Why This Is Necessary:
We know that the returning exiles faced opposition from the pagan or syncretistic “left.” That is what much of this book is about. But how hard would it be to assemble (on paper) an objection to Ezra’s project from the over-scrupulous “right”? Not very hard at all. “Taking money from pagans, agreeing to pray for the health of pagan kings,” and so forth. But in discussions or debates like this, we need to recognize that they are not resolved by a scientific point system. And there are no neutral judges in the world to administer such a system. These debates are resolved by God, and the results can be seen in His blessing, which in this case was a dispensing of authority. The hard-headed can deny it, and deny it they will. But Ezra was still the one with authority to persuade and lead, given to him by God. And as God did what God determined to do, Ezra’s adversaries just stood there with their hands full of arguments and their mouths full of teeth.
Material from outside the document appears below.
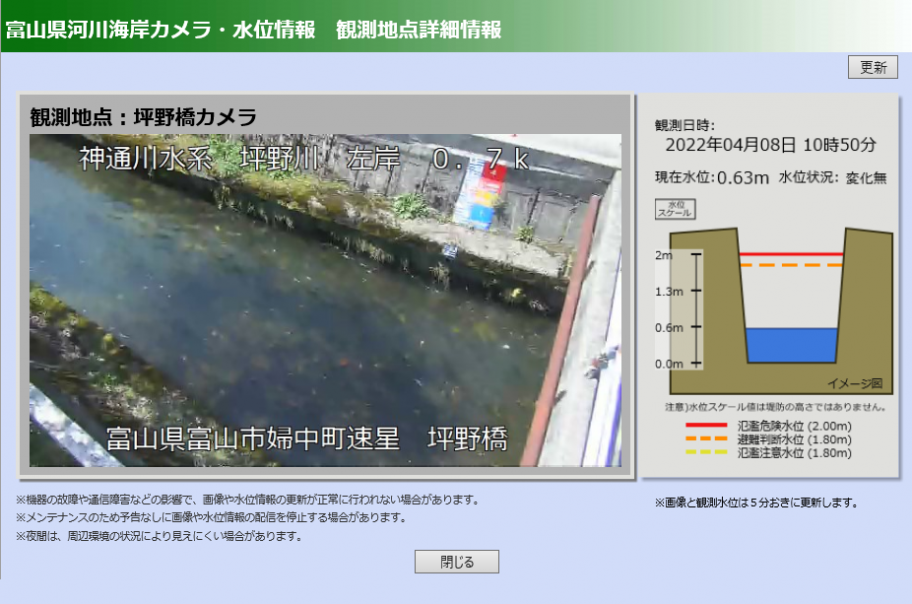 注1)機器の故障や通信障害などの影響で、画像や水位情報の更新が正常に行われない場合があります。

The World Belongs to Jesus:
Many times kings and emperors forget that they are under authority. They are God’s deacons, as Paul put it in Rom. 13. They are not ultimately in charge. Sometimes they assert that they are charge in a dogmatic way, and this is nothing but tyranny. But often they grant that they are not really in charge, but the confession is vague, compromised, confused—polytheistic or generically idolatrous. The duty here is for believers to refuse to participate in polytheism themselves, which is not the same thing as demanding (right now) that the confused civil ruler come to a complete understanding right away. I have no doubt that Ezra wanted this, but it was necessary for the house of God to be put back in order first.